The method and apparatus that carries out Handwritten Digits Recognition according to the mode of utilization prediction of the present invention has favorable expansibility and ease for use, be suitable for equipment such as Tablet-PC, PDA and hand-written mobile phone and use, be particularly suitable for that this computing power of mobile phone is weak, the terminal of limited storage space.The method and apparatus that carries out Handwritten Digits Recognition according to the mode of utilization prediction of the present invention can be widely used in the various mobile terminal devices that can carry out handwriting input, also can be applied to the equipment that computing power is arranged of external recording device, such as the PC system 400 among Fig. 4, PDA 401, mobile phone 402 and flat computer 403 etc.
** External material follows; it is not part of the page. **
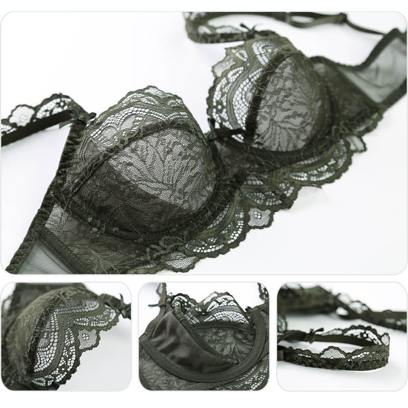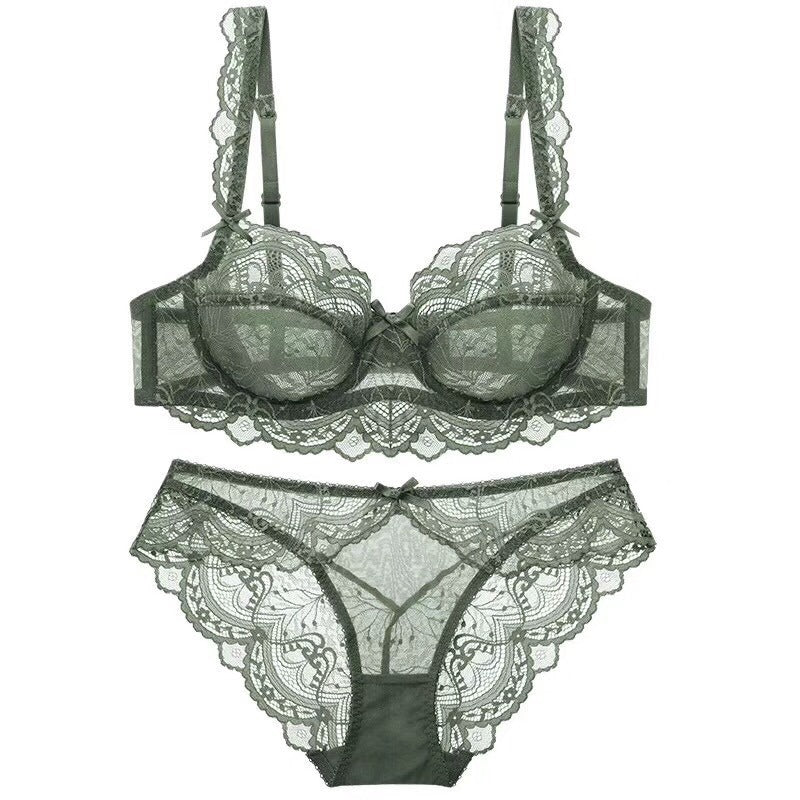Embroidery Ultrathin Underwire Solid Lingerie Set

By using the method and apparatus that carries out Handwritten Digits Recognition according to the mode of utilization prediction of the present invention, when the user carries out handwriting input, as long as the part of a character of input just can obtain the correct recognition result of this character immediately, thereby can select to finish the input of this character.Therefore need not just to begin identification character after stand-by period of default by the time, thereby accelerated the speed of handwriting input.
Though specifically shown and described the present invention with reference to exemplary embodiment of the present invention, but it should be understood by one skilled in the art that, under the situation that does not break away from the spirit and scope of the present invention that are defined by the claims, can carry out various changes to these embodiment in form and details.